◆ Exercise goal ◆
Please output exactly the part of the records below that opens with the line containing "Catena da portafoglio" and closes with the line containing "据了解,此次双十一、双十二,高梵kids", both lines included, and nothing else.

◆ Excerpted data ◆
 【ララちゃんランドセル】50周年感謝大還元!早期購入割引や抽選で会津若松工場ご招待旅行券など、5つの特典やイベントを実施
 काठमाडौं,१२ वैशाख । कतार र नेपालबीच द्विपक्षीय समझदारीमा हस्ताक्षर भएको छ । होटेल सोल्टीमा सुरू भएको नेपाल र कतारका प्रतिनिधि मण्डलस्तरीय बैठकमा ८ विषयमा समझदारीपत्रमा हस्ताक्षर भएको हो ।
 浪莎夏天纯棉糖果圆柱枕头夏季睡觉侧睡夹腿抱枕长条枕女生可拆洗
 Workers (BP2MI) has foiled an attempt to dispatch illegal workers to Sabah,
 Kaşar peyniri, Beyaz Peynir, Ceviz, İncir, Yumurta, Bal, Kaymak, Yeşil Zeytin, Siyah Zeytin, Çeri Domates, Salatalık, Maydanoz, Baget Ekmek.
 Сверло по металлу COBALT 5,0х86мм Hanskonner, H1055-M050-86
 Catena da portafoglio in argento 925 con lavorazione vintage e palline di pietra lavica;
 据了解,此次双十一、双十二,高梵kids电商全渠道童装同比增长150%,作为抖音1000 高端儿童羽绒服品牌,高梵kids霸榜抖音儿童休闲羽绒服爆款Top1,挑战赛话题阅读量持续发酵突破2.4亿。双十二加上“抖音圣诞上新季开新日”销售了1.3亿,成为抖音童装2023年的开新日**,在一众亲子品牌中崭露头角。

--

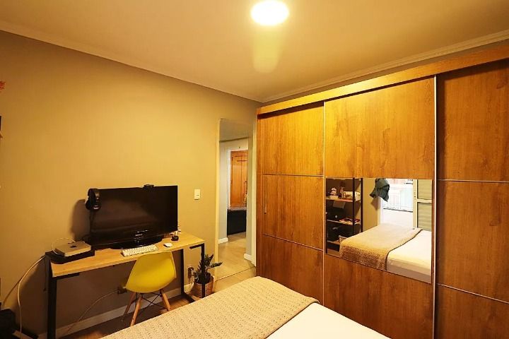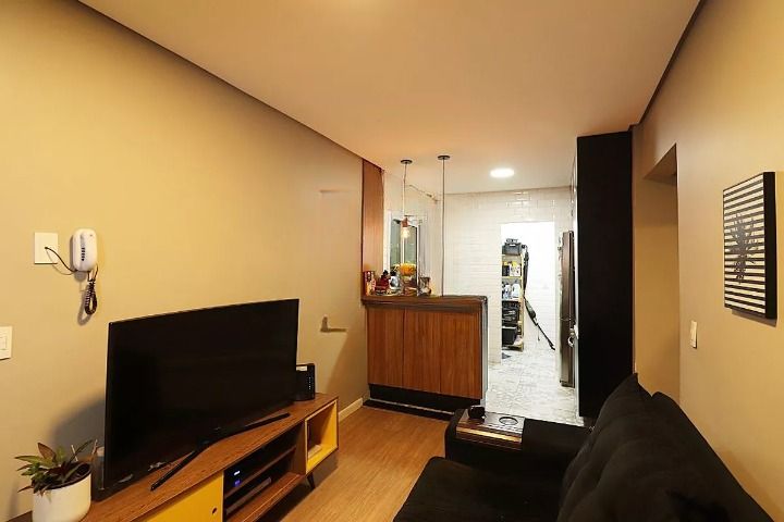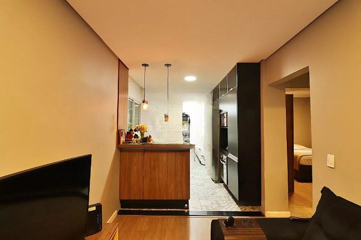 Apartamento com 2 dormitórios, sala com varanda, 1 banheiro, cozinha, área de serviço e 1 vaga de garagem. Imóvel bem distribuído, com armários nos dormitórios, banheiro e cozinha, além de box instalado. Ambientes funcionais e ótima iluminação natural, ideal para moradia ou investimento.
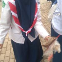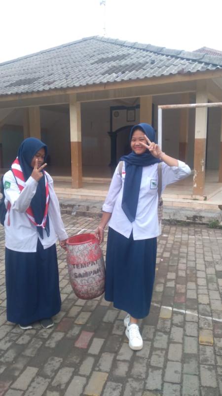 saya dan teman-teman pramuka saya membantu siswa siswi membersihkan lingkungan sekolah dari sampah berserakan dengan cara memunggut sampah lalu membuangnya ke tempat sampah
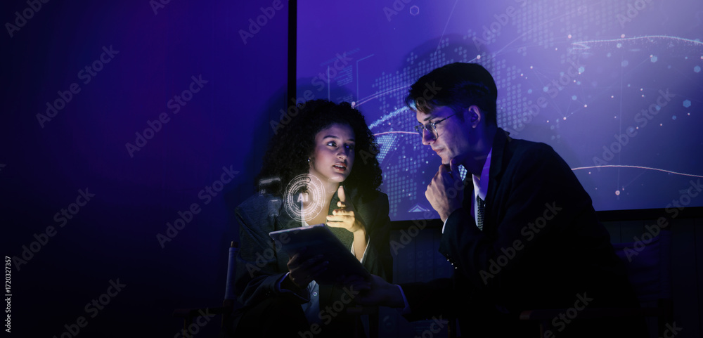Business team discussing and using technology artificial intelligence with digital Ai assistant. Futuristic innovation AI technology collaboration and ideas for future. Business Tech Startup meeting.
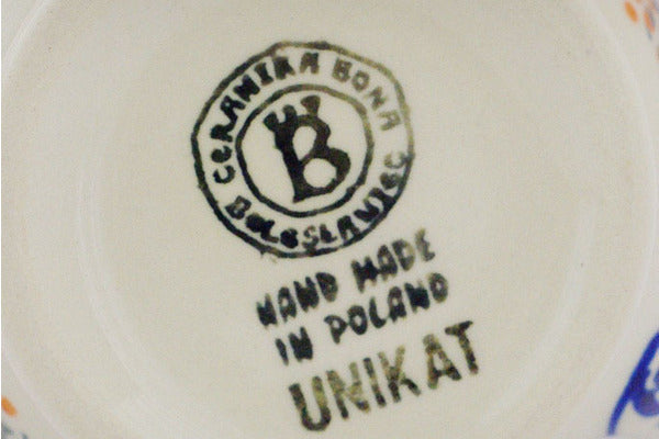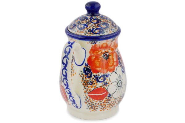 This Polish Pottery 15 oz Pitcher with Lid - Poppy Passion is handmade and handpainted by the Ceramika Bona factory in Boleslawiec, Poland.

--

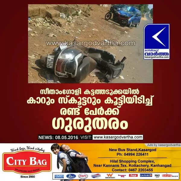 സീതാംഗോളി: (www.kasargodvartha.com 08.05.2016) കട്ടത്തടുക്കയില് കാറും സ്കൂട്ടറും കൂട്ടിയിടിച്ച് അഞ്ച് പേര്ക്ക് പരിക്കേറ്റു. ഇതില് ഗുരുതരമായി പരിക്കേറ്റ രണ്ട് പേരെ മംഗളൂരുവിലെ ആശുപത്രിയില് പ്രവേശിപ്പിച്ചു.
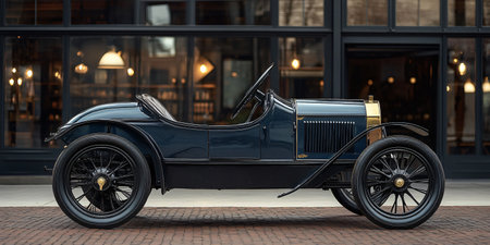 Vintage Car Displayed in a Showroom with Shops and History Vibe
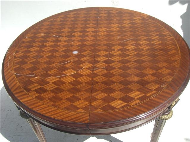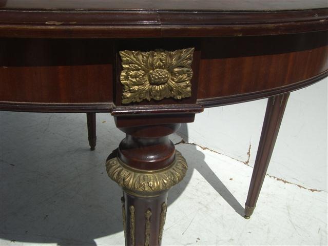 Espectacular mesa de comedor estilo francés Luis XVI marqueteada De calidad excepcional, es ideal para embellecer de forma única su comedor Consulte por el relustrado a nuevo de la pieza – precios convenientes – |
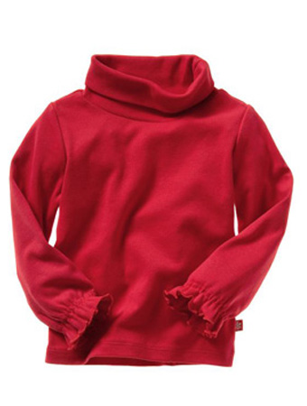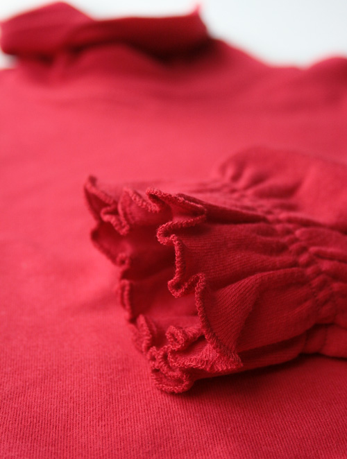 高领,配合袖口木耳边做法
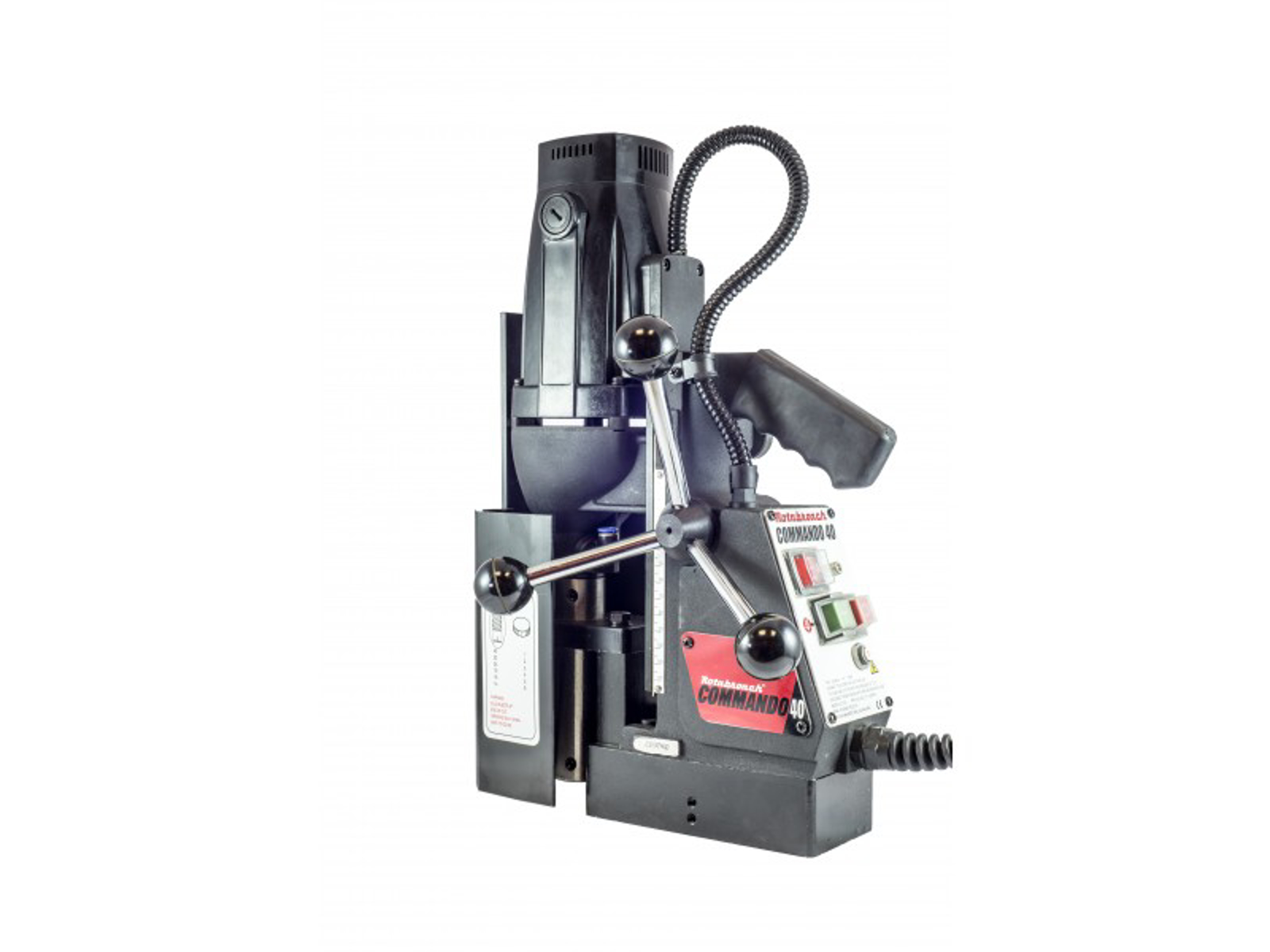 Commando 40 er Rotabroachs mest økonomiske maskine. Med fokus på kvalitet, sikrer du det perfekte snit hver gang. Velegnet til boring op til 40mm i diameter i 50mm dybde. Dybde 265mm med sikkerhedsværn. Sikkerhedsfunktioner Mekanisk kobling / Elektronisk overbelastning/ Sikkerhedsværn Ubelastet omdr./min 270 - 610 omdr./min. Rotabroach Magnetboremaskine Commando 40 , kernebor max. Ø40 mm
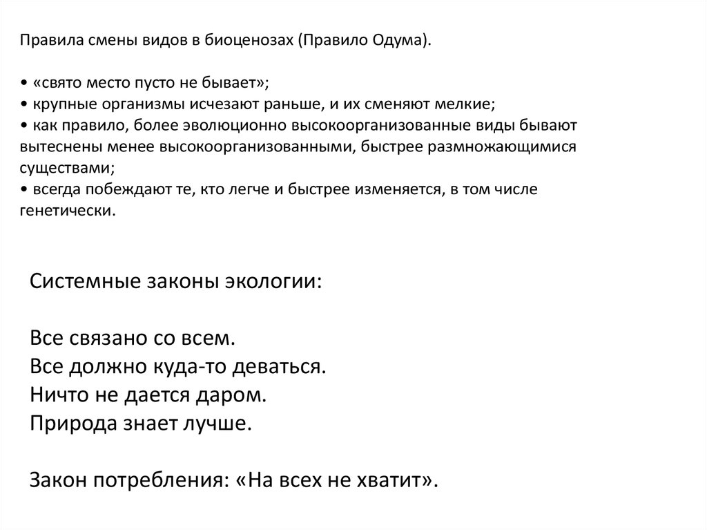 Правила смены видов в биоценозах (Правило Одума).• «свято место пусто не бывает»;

◆ Solution to this exercise ◆
 Catena da portafoglio in argento 925 con lavorazione vintage e palline di pietra lavica;
 据了解,此次双十一、双十二,高梵kids电商全渠道童装同比增长150%,作为抖音1000 高端儿童羽绒服品牌,高梵kids霸榜抖音儿童休闲羽绒服爆款Top1,挑战赛话题阅读量持续发酵突破2.4亿。双十二加上“抖音圣诞上新季开新日”销售了1.3亿,成为抖音童装2023年的开新日**,在一众亲子品牌中崭露头角。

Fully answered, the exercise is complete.